If you think the personal details you provide during everyday transactions are safe and secure, you need to read this.
In early March this year, Australia suffered its largest ever data breach when a company that virtually nobody had heard of fell victim to a major hack. Prior to the hack, Latitude Financial Services was a relatively unknown company but hit the news big time when the personal details of more than 8 million Australians were stolen by hackers. However, it isn’t just the huge number of victims that has raised alarms but also the sheer scope of personal information involved, including names, addresses, phone numbers, dates of birth, passport numbers, driver’s license numbers, and financial records. Certainly more than enough for identity theft.
My Involvement With Latitude
I have never in my life had an account with Latitude nor have I ever done business with the company. So, imagine my surprise when I received a letter from Latitude advising me that “some of my personal details have been compromised”. How could Latitude possibly have any personal details about me in its database when I have never done any business with the company? That was the burning question.

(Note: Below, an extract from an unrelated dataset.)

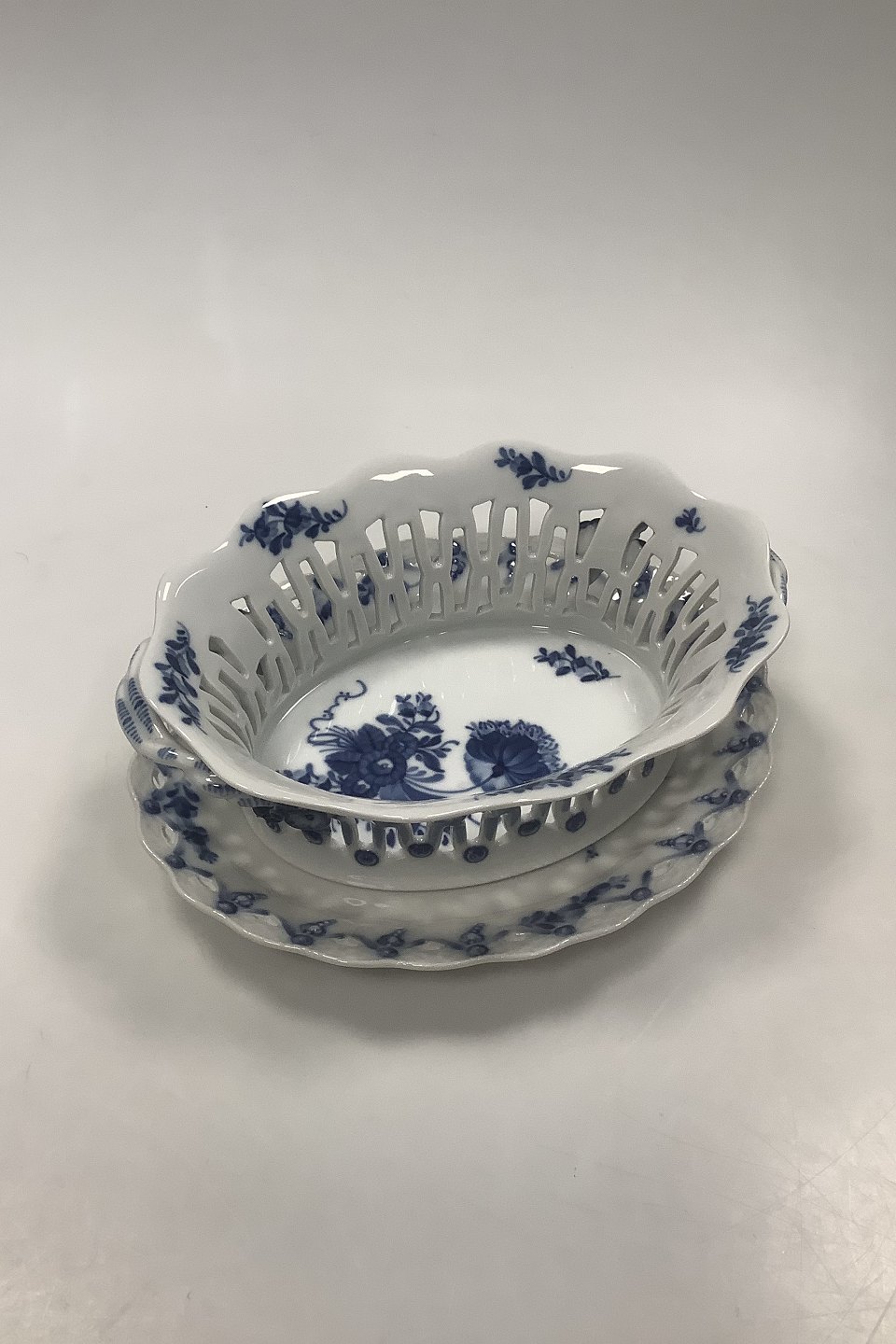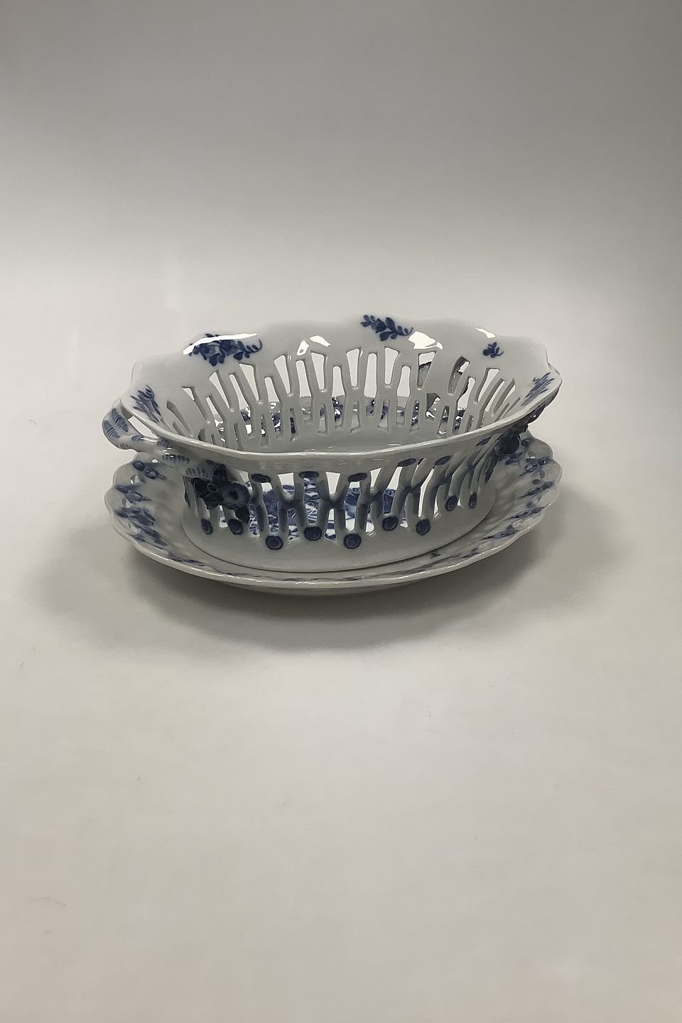 Royal Copenhagen Blå Blomst Svejfet Frugtkurv med fad No 1579 / 1580
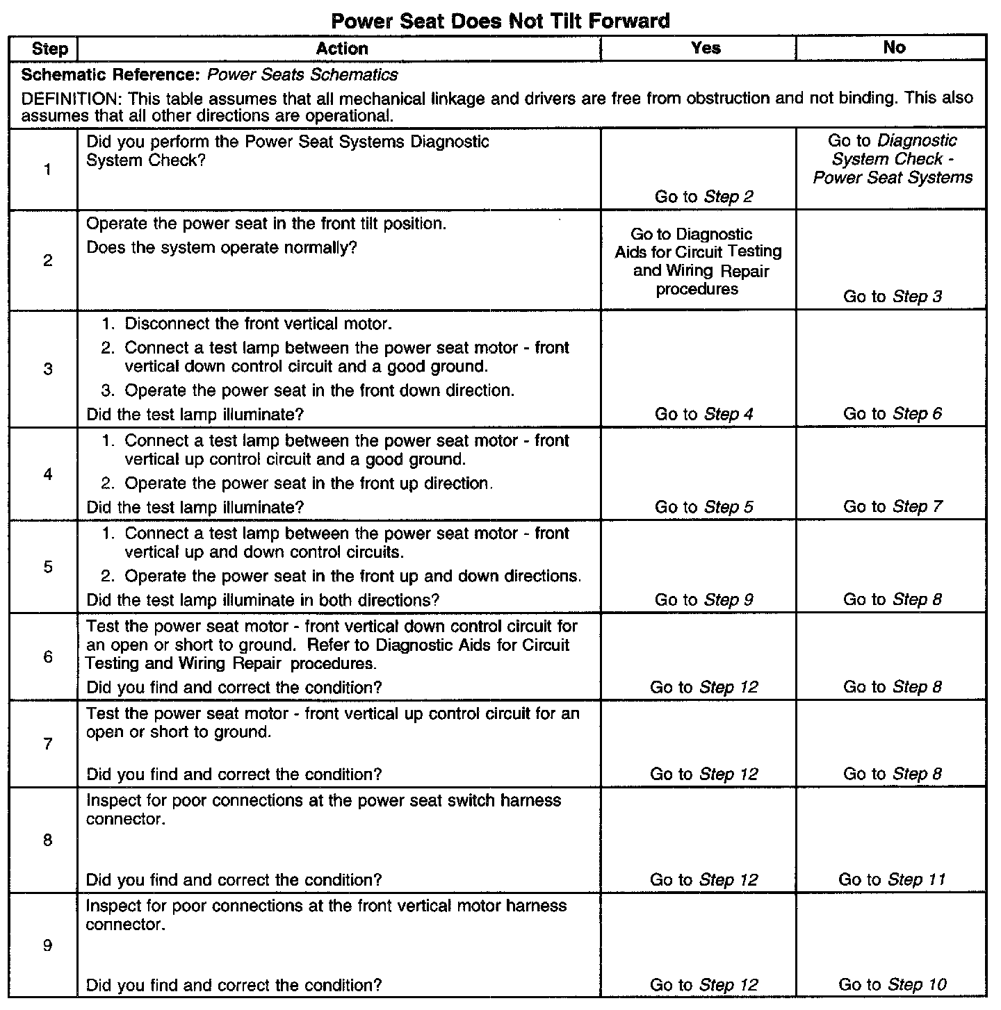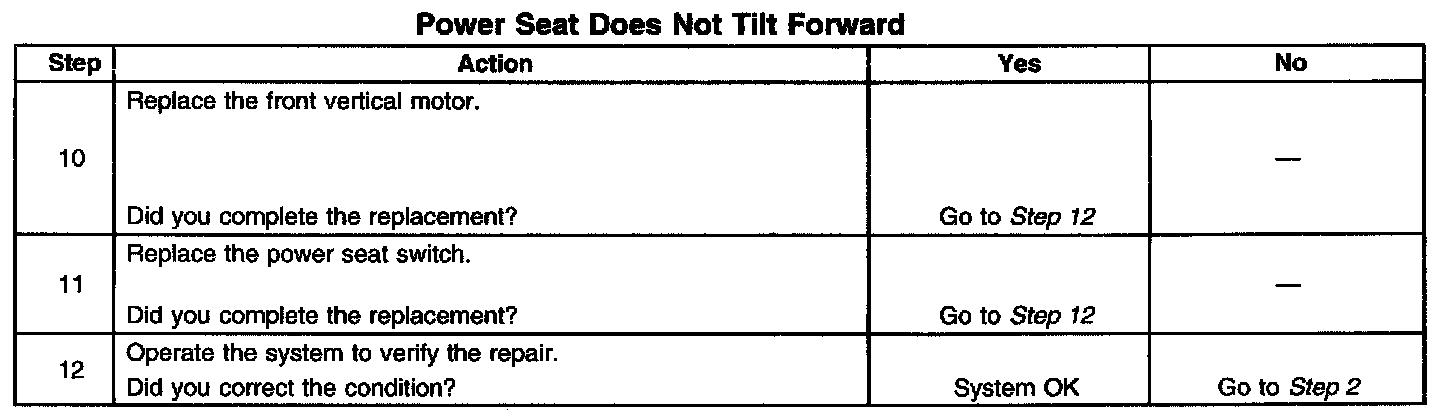 Power Seat Does Not Tilt Forward

The letter I received included a help telephone number for those who have been impacted and after several attempts involving many hours waiting on the phone, I finally got through to one of Latitude’s support staff and asked that very question. I was shocked by the reply. Apparently, Latitude is associated in some way with just about every major retailer in Australia so, when you purchase any item from any of these retailers, the retailer then passes on all your personal details to Latitude.
For what exact purpose, I have no idea. I can only surmise that Latitude sells that information on to advertising agencies and the like while the participating retailers receive some kind of kickback. Naturally, I was absolutely outraged to learn that these retailers are passing on customers’ personal details to a third party without any sort of consent or approval, or even mentioning it, and it got me wondering just how widespread this unethical practice might be.
The Latitude breach and the company itself are currently under investigation by Australian authorities. As I understand the situation, the investigation is primarily concentrating on Latitude’s security practices/measures, or lack thereof, but I sincerely hope this outrageous practice of passing on personal details to third parties without any sort of authorization also comes well and truly under the microscope because that must surely constitute a most serious violation of privacy.
So, there you have it. You’re sitting at home thinking that, because you’ve always followed safe/best practices, your personal information is safe and secure, and then along comes the startling revelation that no matter how judicious you are, your personal information is never truly safe.